Turning new product features into short-form videos automatically using AI

Short-form video is some of the highest-performing marketing content right now. Reels, Shorts, LinkedIn clips. Every platform rewards it. Every algorithm promotes it.

The problem is making it. For a software product, every new feature ideally gets its own clip: a tight 15 to 30 second demo that shows the thing working. Multiply that across features, updates, and campaigns, and you’re looking at a serious production bottleneck. Screen-record, trim, add branding, write a caption, export, upload, repeat. Even a simple reel takes a surprising amount of time to produce well.

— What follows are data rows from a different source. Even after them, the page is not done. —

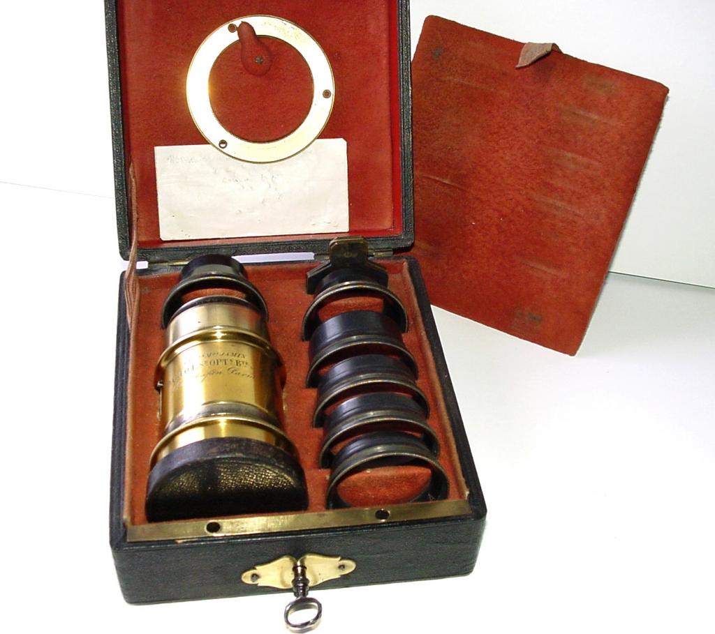 Coffret d'objectif DARLOT A , ancienne maison JAMIN, pour portrait et paysage avec possibilité grand angle bague de vissage insérée dans le couvercle, jeux de vannes, 8 compléments optiques
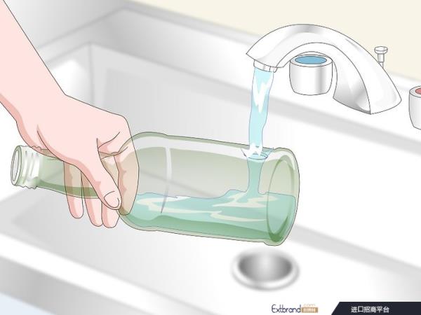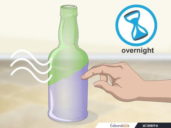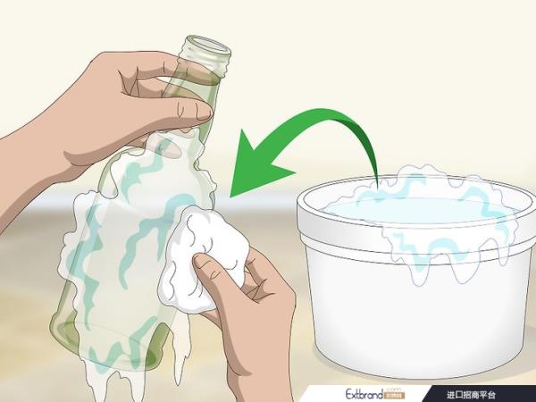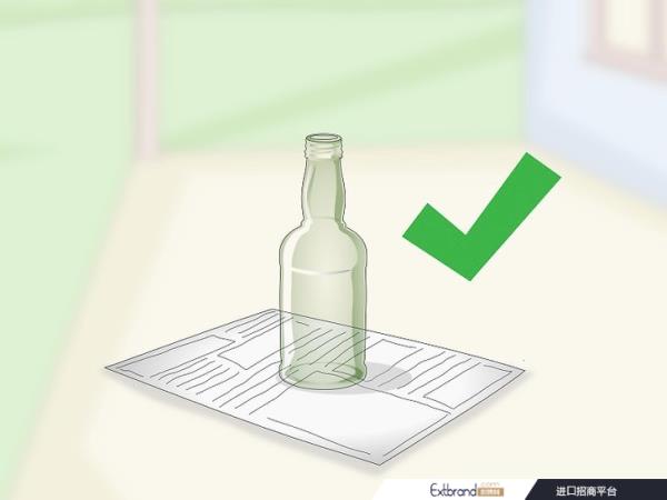 用肥皂和水清洗酒瓶。在肥皂水中浸泡一块抹布,然后擦拭瓶子的外部。将瓶子内部冲洗干净,去除任何残留。清洗完瓶子后,让瓶子完全干燥。
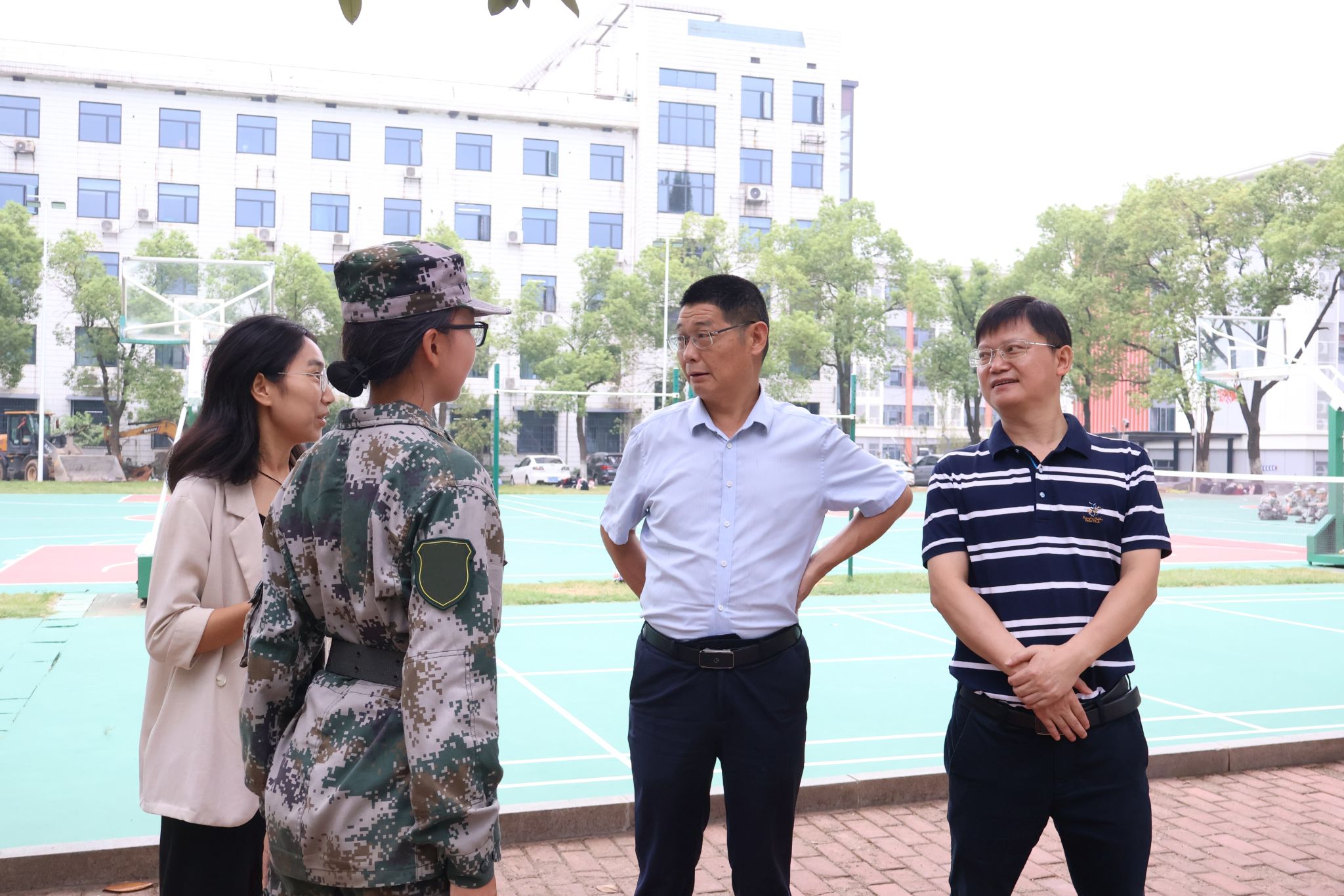 余望成和毛新志首先向教官询问新生训练的内容,通过与教官的交流,他们了解了军训进展情况。随后,领导们深入训练场地,分别视察第一、第二方阵的训练过程和新生们的表现。在休息时间,余望成肯定了2024级新生这段时间军训的训练成果,并对接下来的训练作出指导。他勉励同学们坚定意志,不断进步,把正步踢得更加利落,把队列走得更加整齐,展现公管学子的风采。孙雯波对同学们表示关心问候,她对教官、军助和同学们这段时间付出的辛苦和努力表示鼓励和赞许,并希望同学们能够保持身体健康,珍惜军训时光,强化集体意识。
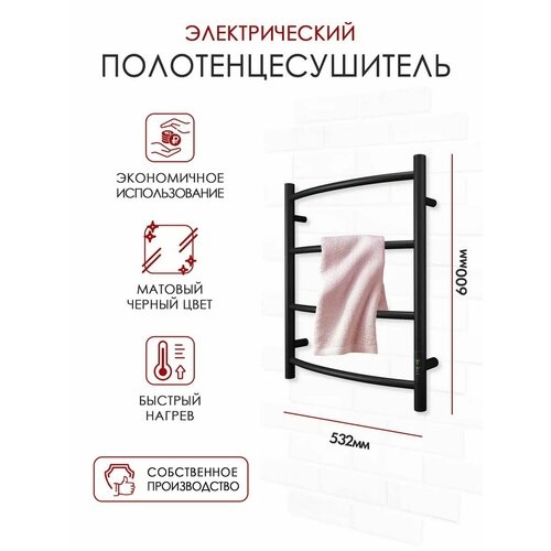 Купить Полотенцесушитель электрический Point Афина PN04856B П4 500×600 диммер справа, черный с доставкой по всей России.
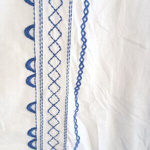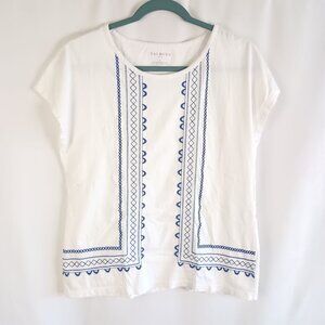 Talbots Embroidered Boho Blouse Top White Blue Cotton Short Sleeve Women’s S
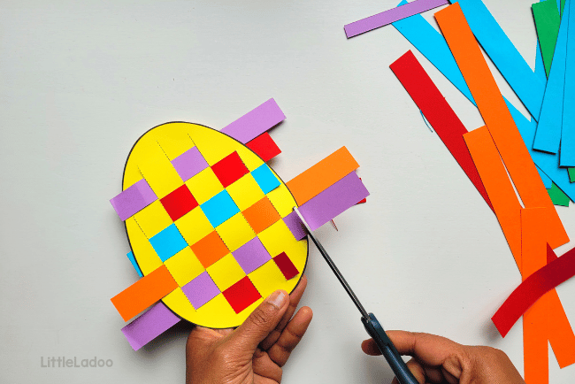 Let's cut out some colourful Strips for weaving the egg.
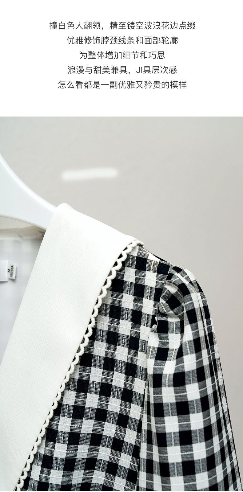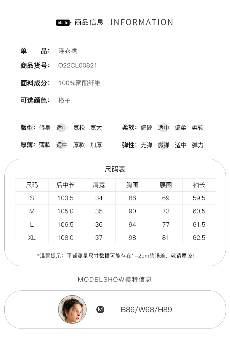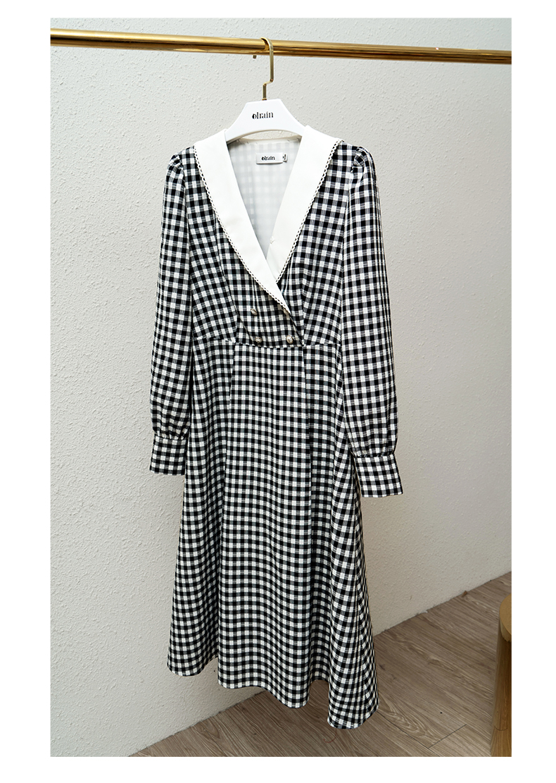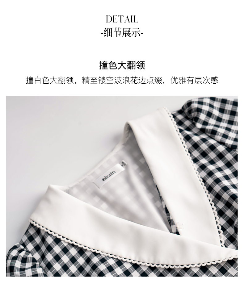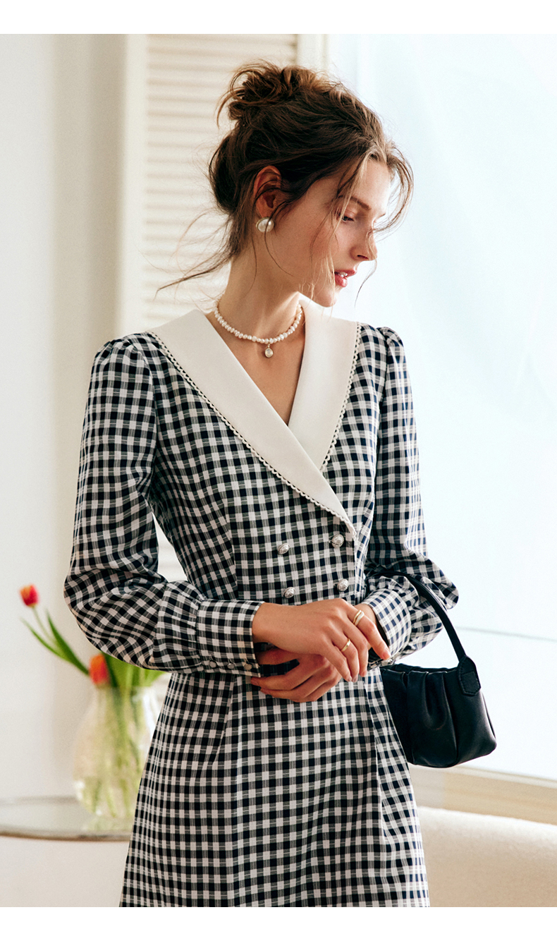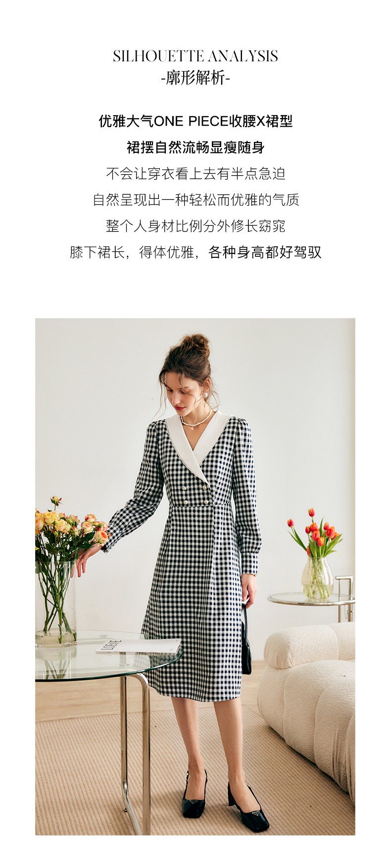 欧芮儿格子连衣裙女夏季2022年新款收腰气质复古赫本风海军领裙子
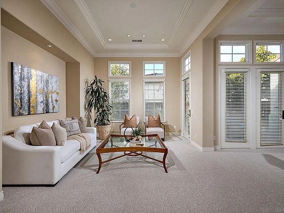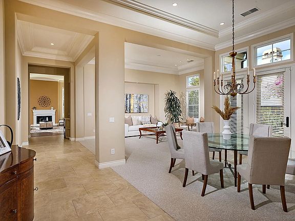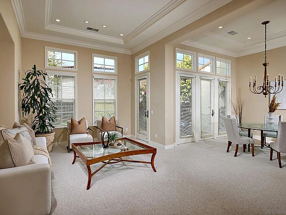 Rare SINGLE STORY on a PREMIUM LOT with westerly views in the desirable neighborhood of Viridian in La Costa Greens! This 3 BD/2.5 BA home features abundant privacy, soaring ceilings, recessed lighting, crown molding, and new carpeting, beautiful tile, and wood flooring. The spacious family room features a cozy fireplace, while the living room opens up to a relaxing courtyard. The kitchen is a chef's dream with upgraded cabinetry, stainless steel appliances, large island, and granite countertops. Lavish primary suite with spa-like bathroom & deep soaking tub. The extended his and hers closets are outfitted with custom built-ins. Outside, the backyard is a paradise with beautiful rose gardens, fruit trees, drought-friendly turf, and breathtaking views. The 2-car garage is equipped with epoxy flooring and built-ins. SOLAR! Residents of La Costa Greens enjoy exclusive access to "The Presidio" and its resort-like amenities, including a community pool, tennis courts, and a workout and recreation room. Plus, the convenient location puts you just minutes away from Alga Norte Park, Legoland, shopping, entertainment, and North County's best beaches. All of this within the top-rated Carlsbad School District. LIVE THE RESORT LIKE LIFESTYLE OF LA COSTA GREENS!
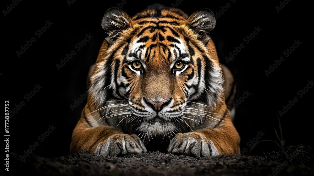 Fototapeta Koty - A tiger with its paws on the ground, looking directly at the camera. #1773887752
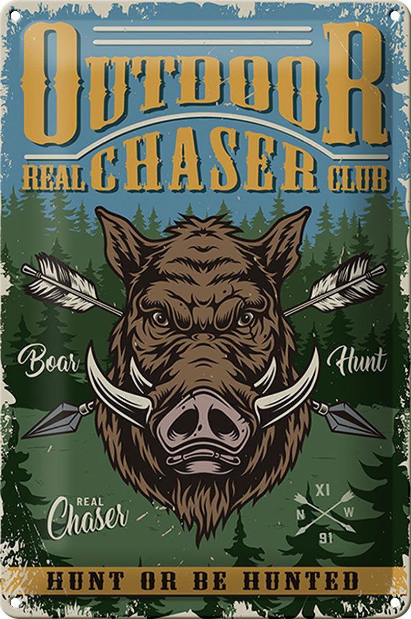 Das Blechschild "Jagd real chaser club" in der Размер 20x30 cm bzw. 30x20 cm ist eine dekorative Metalltafel, die sich ideal für Ihr Zuhause eignet. Das gewölbte Design verleiht ihm eine ansprechende Optik und der hervorragende Druck sorgt für ein hochwertiges Erscheinungsbild. Mit abgerundeten Ecken und umgeschlagenen Kanten hat das Schild nicht nur einen ästhetischen Vorteil, sondern auch praktische vorgebohrte Löcher an allen vier Ecken zur einfachen Befestigung.
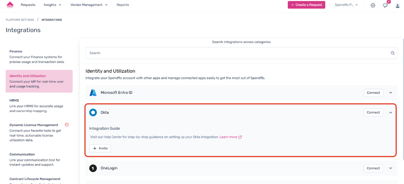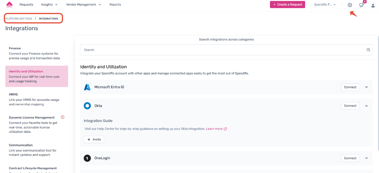 Step 1. Go to the Spendflo Integrations page by navigating to Settings → Platform Settings → Integrations → Identity and Utilization
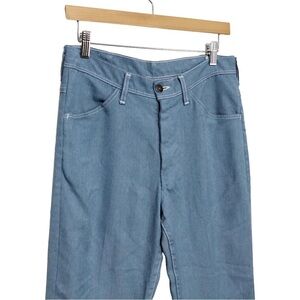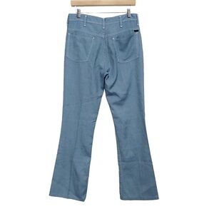Amazing vintage 1970’s ultra high waisted flare jeans by Farah’s Time Out West line. True blue light-medium denim. This is a comfy, lightweight denim but it doesn’t provide any stretch. Zip fly and button closure. Front and back pockets. Small Farah logo above back pocket. Made in the USA. Only flaw I can find is a tiny area on back pocket that looks like it may have been a hole that was repaired, see last pic. There is no size tag so please use measurements to ensure a good fit. These fit like an 8 (30” waist).

I wanted to collapse that into an on-demand step. Describe what the demo should show, and get back a branded, captioned MP4 ready for review.

Here’s how I built that.

The core idea

The system has three layers, each doing one job:

Claude is the director. It reads a plain-language description of the demo (“log in, create a new entry, show the confirmation screen”) and translates it into precise browser actions.
Playwright is the camera operator. Playwright is browser automation software. It opens a real browser, logs in, clicks, types, scrolls, and moves an on-screen cursor like a human would, while recording the entire session.
ffmpeg is the editor. The raw screen recording gets composited into a fixed, on-brand vertical template: logo up top, a headline hook, the live product footage in the middle, a caption and call-to-action at the bottom.

What comes out the other end is a finished 1080×1920 MP4, plus a contact sheet (a grid of key stills) so I can approve the whole thing at a glance.

Why a real browser matters

This isn’t a mockup generator or a prototype tool. Playwright drives an actual browser session against the live product. Real data loads. Real animations play. Hover states, transitions, loading spinners: they all show up because they’re actually happening.

That matters for trust. Viewers can tell the difference between a polished screen recording of real software and a stitched-together set of screenshots. The uncanny valley of fake product demos is a real thing, and this sidesteps it entirely.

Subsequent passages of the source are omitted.